Sean wasn’t stupid. Troubled, maybe, but not stupid. He should have known Faith would investigate, that she wouldn’t just open her arms give Daryn McDermott a new life in Department Thirty because he asked her to. Two criteria had to be met to gain serious consideration for protection: that the person had committed a crime serious enough to warrant either prosecution and or retribution from others involved in the crime; and that the person possessed information deemed to be of vital national interest.
Daryn McDermott’s crime seemed to be conspiracy to commit an act of terror. But her “information”-the list of banks the Coalition was allegedly going to strike-hadn’t panned out. Daryn certainly seemed frightened of Franklin Sanborn, but other than Faith’s vague sense of knowing the name, there was no evidence that there was a Franklin Sanborn.
She’d come to the end of the hall, to the last little bedroom. Sean had said he and Daryn and the girl Britt had slept together in this room. There was a large gash in the wood of the door. The doorknob was missing.
Faith ducked her head inside. There was a large pile of blankets in the corner farthest from the window.
“Hmm,” she said, and took a couple of steps into the room.

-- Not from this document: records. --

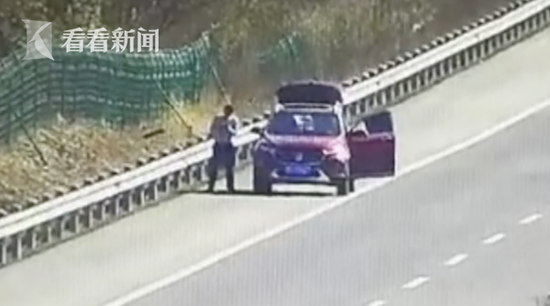 監(jiān)控畫面顯示,當(dāng)天下午2點(diǎn)21分左右在杭長高速往宜興方向92公里附近路段,一輛紅色suv停在了應(yīng)急車道上,不僅駕駛室和后備箱門都打開了,司機(jī)還走出車外拿出手機(jī)翻看了起來。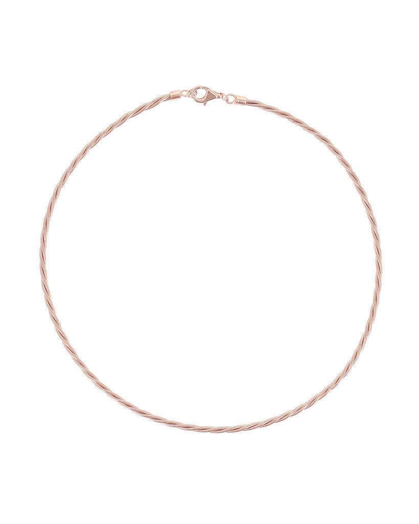 Collana girocollo della collezione Pesavento DNA Spring da donna. Colore: oro rosa. Il gioiello è composto da fili flessibili in argento 925‰ rosé intrecciati tra di loro. Lunghezza regolabile da 39 cm a 43 cm con chiusura a moschettone.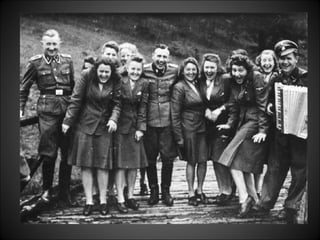 El documento proporciona información sobre el Holocausto, la persecución sistemática y aniquilación de los judíos europeos por parte de la Alemania nazi entre 1933 y 1945. Describe las diferentes etapas de la persecución, incluyendo la creación de guetos y campos de exterminio donde millones de judíos, gitanos y otros grupos fueron asesinados, principalmente a través de cámaras de gas. También incluye fotografías que ilustran las terribles condiciones y actos de crueldad que sufrieron las ví
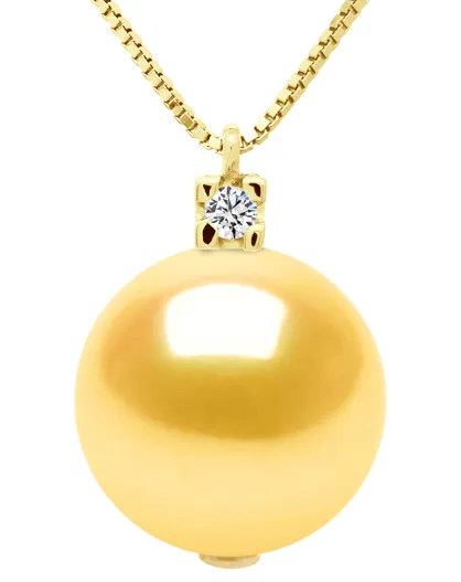 Halskette aus Gelbgold, 0,02 ct Diamant und runde Süßwasserzuchtperle aus Gold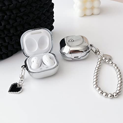Suwegx Custodia per Samsung Galaxy Buds Pro/Buds 2 Pro/Buds 2/Buds Live con portachiavi, elegante guscio protettivo universale elettroplaccato (cuore 02)

With the toe of her sneaker, she pulled off the top blanket, SIG at the ready. More blankets, all ripped, the lining coming out of them. One was a quilt done in a beautiful Dutch-doll pattern that looked like someone’s grandmother had made it by hand. But it was filthy and the edges were torn. Three layers down, she found a few bottles of water, some packages of cheese and crackers, some stiff French fries in a yellow Wendy’s carton. A threadbare paperback copy of the Gospel of John, with a stain of something that smelled like excrement, was at the bottom.